HR Insights
Quick Read
March 28, 2024

How to build the next generation of skills in-house

Skills gaps aren’t new, but they continue to grow as new and necessary workforce skills continue to emerge. Futurist Alexandra Levit explores how to diminish these gaps by building next-generation skills in-house.


It’s common for employees to want to build skills at work, but an effective learning infrastructure isn’t as common. As organizations grow, they tend to lose track of their people’s skills. Leaders don’t know the competencies employees have acquired at work, what they can do next, and the skills they can develop to grow their contributions to the organization. 

Employers often don’t dig too deeply either, preferring instead to seek fresh talent externally when a need presents itself. But even if the current job market could support it, it’s difficult to maintain the hiring pace needed to source emerging skills from the outside. This reality leads to persistent understaffing and longer role vacancies.  

It’s imperative to build a skills-based organization that can flex to evolving business and employee needs. But where to start? 

The following five strategies may prove helpful as you seek to solve today’s labor shortage conundrum with your own reliable and already proven workforce. 

Understand the size and composition of your workforce 

Using analytics programs, employers should determine the current internal and external trends in workforce supply and demand. Examine the gap between the skills possessed by your workforce today and the skills your business requires to be successful now and in the future.  

It might be beneficial to use a skills segmentation matrix that includes the variables of scarcity (how common or uncommon the skill is in the market), criticality (how essential or non-essential the skill is for work to be successfully completed), and volume (how much volume of this skill the business requires).  

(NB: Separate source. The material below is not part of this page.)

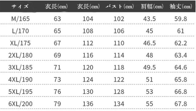 サイズ:M/L/XL/2XL/3XL/4XL/5XL/6XL

Seek feedback on your matrix from a diverse group of stakeholders across the organization, and during your investigation, determine the in-house superstars in in-demand areas. You can then enlist the help of these employees in crafting appropriate strategies and training to boost the organization’s overall level of skill competency. 

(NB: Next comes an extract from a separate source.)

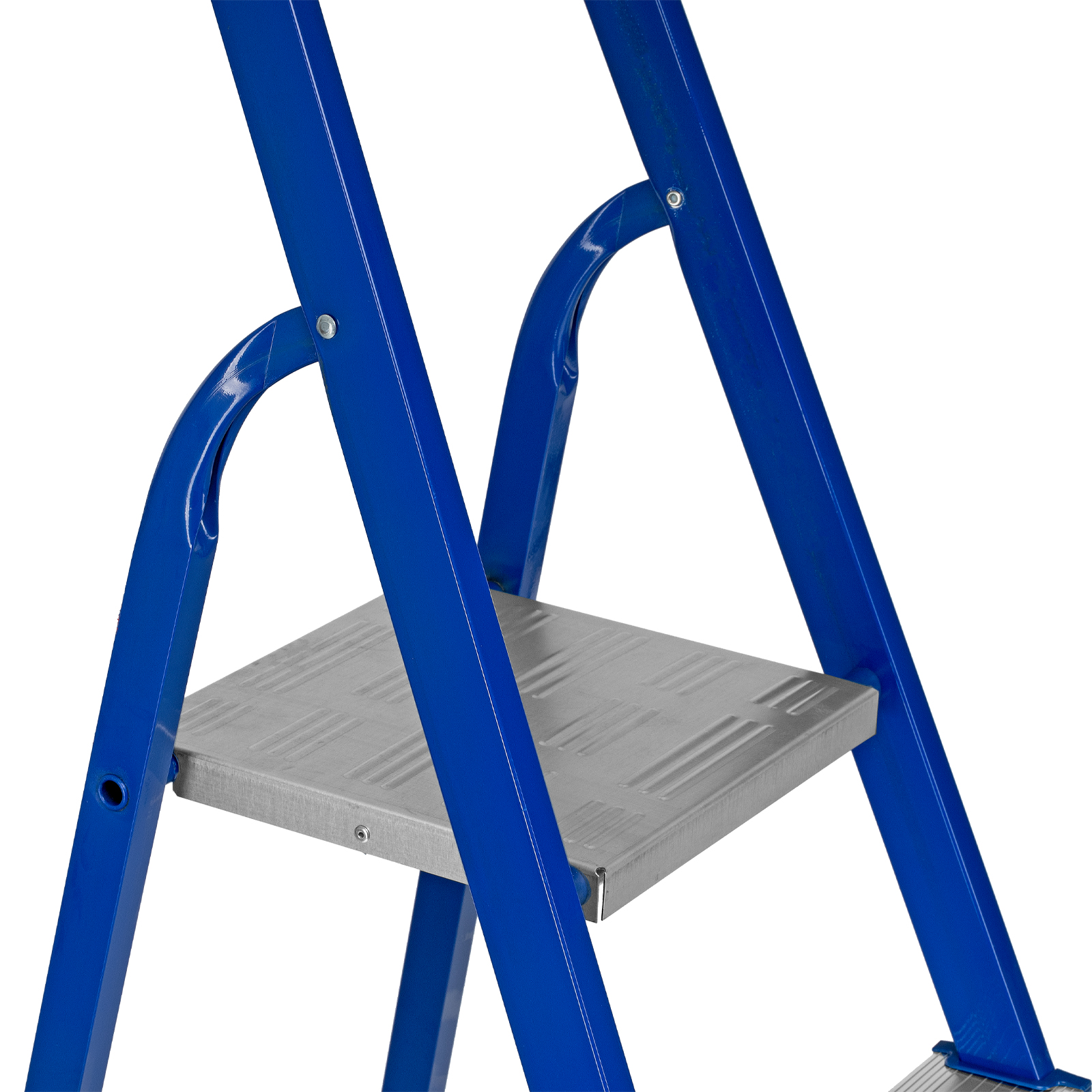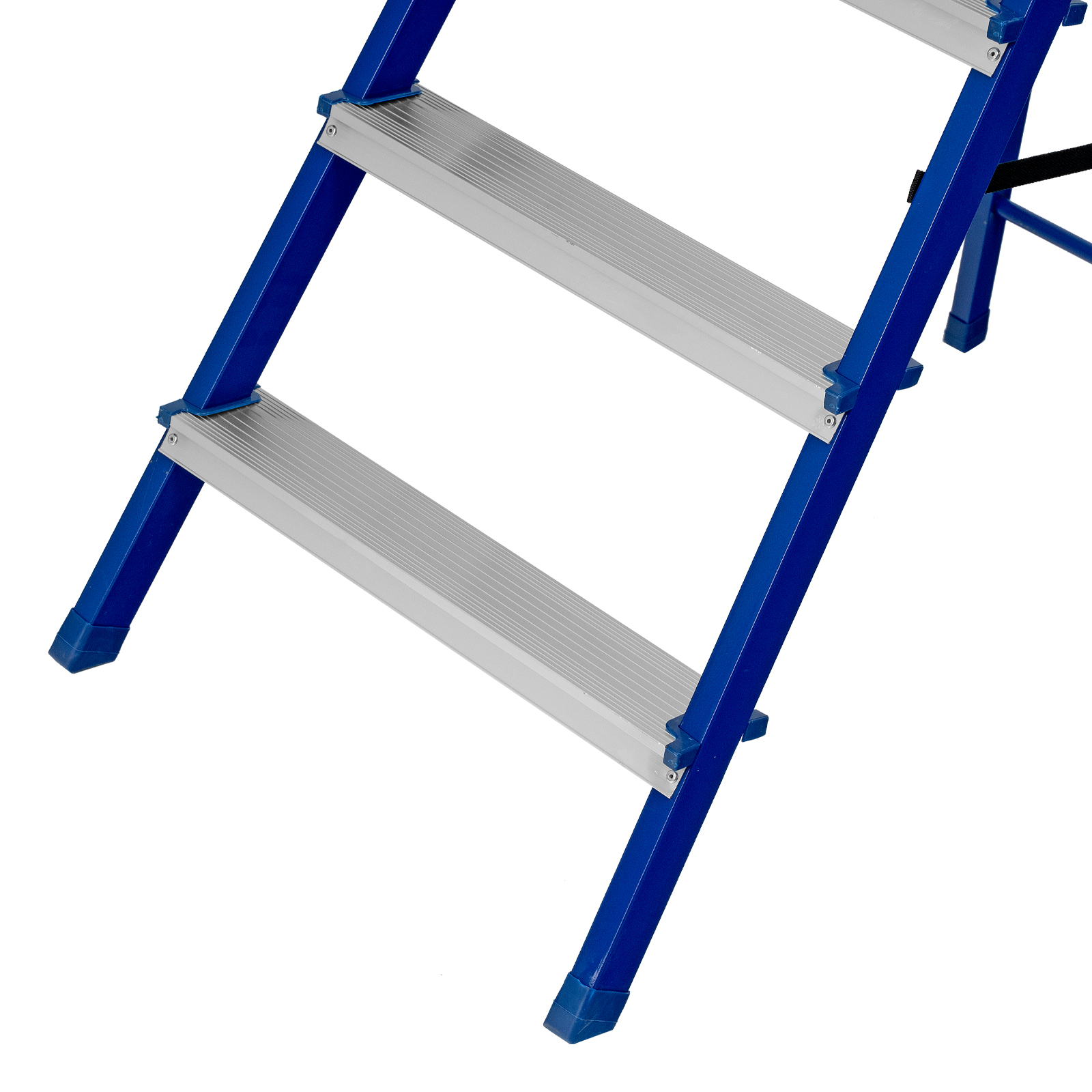 - Надежность — рама изготовлена из профилированной стали, стальная верхняя площадка с зацепами прочно фиксирует стремянку в рабочем положении, страховочные ленты придают дополнительную прочность конструкции.

Deploy AI-based matching tools 

Talent intelligence is a relatively new technology that harnesses AI to assess skills adjacency – or the concept that a person with Skill A is likely to know or be easy to train in Skill B. By also considering a global database of standardized job descriptions and requirements, talent intelligence opens non-typical ways to fill vacancies with existing employees who may not have experience doing the exact task needed but do have the core capabilities required.  

As an example, if you have been unable to source automation oversight skills, completing a skills profile for every employee in your organization may surface matches you never would have considered otherwise and provide guidance on how to get employees where they need to be to take on a new role.  

Infuse your employee experience with upskilling and reskilling opportunities 

Upskilling refers to teaching employees additional skills related to their current roles, while reskilling involves training them in new occupations. Organizations that want to build an internal arsenal of emerging skills require both upskilling and reskilling initiatives, but these must be adequately funded, sourced, and delivered.  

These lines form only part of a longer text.